Dove sta Nature Geoscience assicurando che la sua pubblicazione non venga utilizzata per alimentare la disinformazione? Non si trova da nessuna parte.
Questa non è solo cattiva scienza… è una frode accademica.
Quando le riviste permettono che risultati statisticamente insignificanti siano inquadrati come significativi e gli scienziati stanno a guardare mentre i media distorcono il loro lavoro, tradiscono le fondamenta stesse dell’integrità scientifica.
Le conseguenze? Un pubblico che diffida sempre di più della scienza, e giustamente.
Il complesso industriale climatico e il suo ruolo nell’inganno
Questo non è solo un incidente una tantum. È una caratteristica, non un difetto, del moderno complesso climatico-industriale.
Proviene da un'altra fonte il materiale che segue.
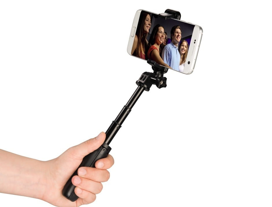 Z tyłu uchwytu Hama umieszczono specjalne lusterko. Jeśli podczas robienia selfie korzystasz czasem z tylnej kamery smartfona (bo, np. ma lepszą jakość) to nie będziesz robić zdjęć na ślepo lusterko pokaże Ci, czy wszyscy zmieścili się w kadrze lub, czy ta pozycja jest dla Ciebie korzystna.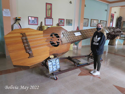 Today we will be driving eight hours (not including stops) to a village with a population of sixty people. The town is La Higuera, which is in the middle of nowhere. The majority of the drive was on dirt roads with steep drop-offs. And misstep, and you are two thousand feet off a cliff. We stopped in a little town, Serrano, for lunch. The town’s claim to fame is having the largest Charango in the world. The guitar-like instrument is played by six people and is recognized by the Guinness World Book of Records.

La relazione simbiotica tra il mondo accademico, i media e i responsabili politici assicura che anche il più debole degli allarmismi climatici trovi un pubblico globale.
E c’è una ragione per questo: i soldi e il controllo.
La scienza del clima è diventata un’industria multimiliardaria. Le sovvenzioni vanno ai ricercatori che producono risultati “allarmanti”, anche se tali risultati sono pieni di incertezza o di vere e proprie contraddizioni.
Riviste come Nature Geoscience traggono vantaggio dalla pubblicazione di studi che attirano i titoli dei giornali e che guidano il traffico e le citazioni, anche se tali studi verrebbero respinti in qualsiasi campo che valorizzi ancora l’integrità statistica.
Nel frattempo, i media prosperano sulla paura.
Un titolo che dice “La calotta glaciale della Groenlandia potrebbe non cambiare in modo significativo” non genererà clic. Ma se si afferma che sta “cadendo a pezzi a un ritmo allarmante”, all’improvviso è una notizia da prima pagina.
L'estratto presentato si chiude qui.